◆ Data for the task ◆
/---
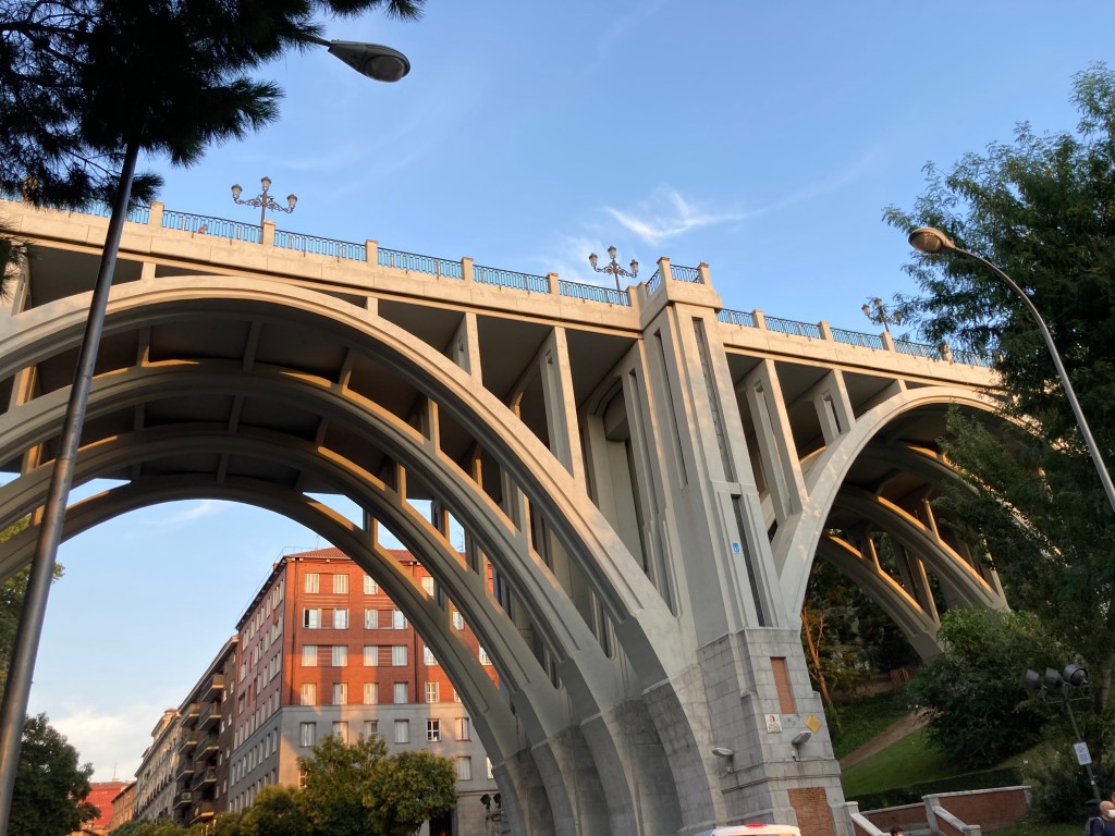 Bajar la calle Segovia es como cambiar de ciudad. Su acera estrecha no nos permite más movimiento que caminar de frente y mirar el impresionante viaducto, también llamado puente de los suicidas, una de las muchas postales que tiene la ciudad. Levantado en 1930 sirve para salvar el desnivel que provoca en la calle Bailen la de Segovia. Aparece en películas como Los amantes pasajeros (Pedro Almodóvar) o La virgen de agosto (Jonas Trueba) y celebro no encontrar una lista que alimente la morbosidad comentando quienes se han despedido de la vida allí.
\---
/---
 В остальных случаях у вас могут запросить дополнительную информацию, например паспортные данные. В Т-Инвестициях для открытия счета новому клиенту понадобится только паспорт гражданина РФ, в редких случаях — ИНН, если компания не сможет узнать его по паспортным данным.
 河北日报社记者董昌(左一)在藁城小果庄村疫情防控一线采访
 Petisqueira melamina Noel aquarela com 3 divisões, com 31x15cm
\---
/---
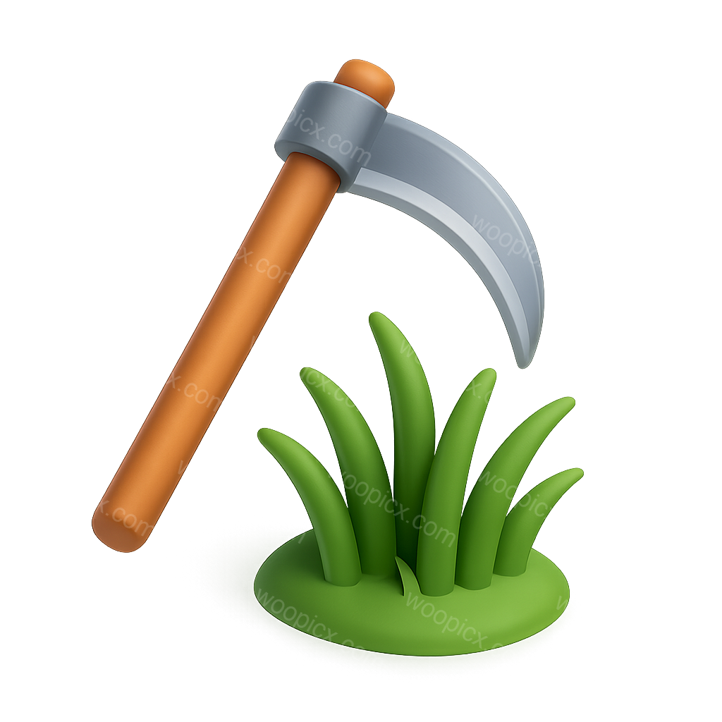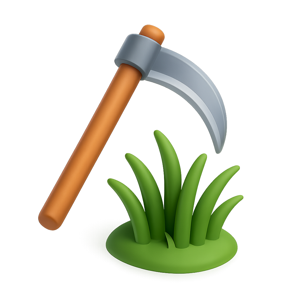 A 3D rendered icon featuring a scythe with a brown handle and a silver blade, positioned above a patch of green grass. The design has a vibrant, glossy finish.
\---
◆ Work to complete ◆
From the line holding "В остальных случаях" to the line holding "Petisqueira melamina Noel", inclusive, restate each line above exactly as written.

◆ Expected answer ◆
 В остальных случаях у вас могут запросить дополнительную информацию, например паспортные данные. В Т-Инвестициях для открытия счета новому клиенту понадобится только паспорт гражданина РФ, в редких случаях — ИНН, если компания не сможет узнать его по паспортным данным.
 河北日报社记者董昌(左一)在藁城小果庄村疫情防控一线采访
 Petisqueira melamina Noel aquarela com 3 divisões, com 31x15cm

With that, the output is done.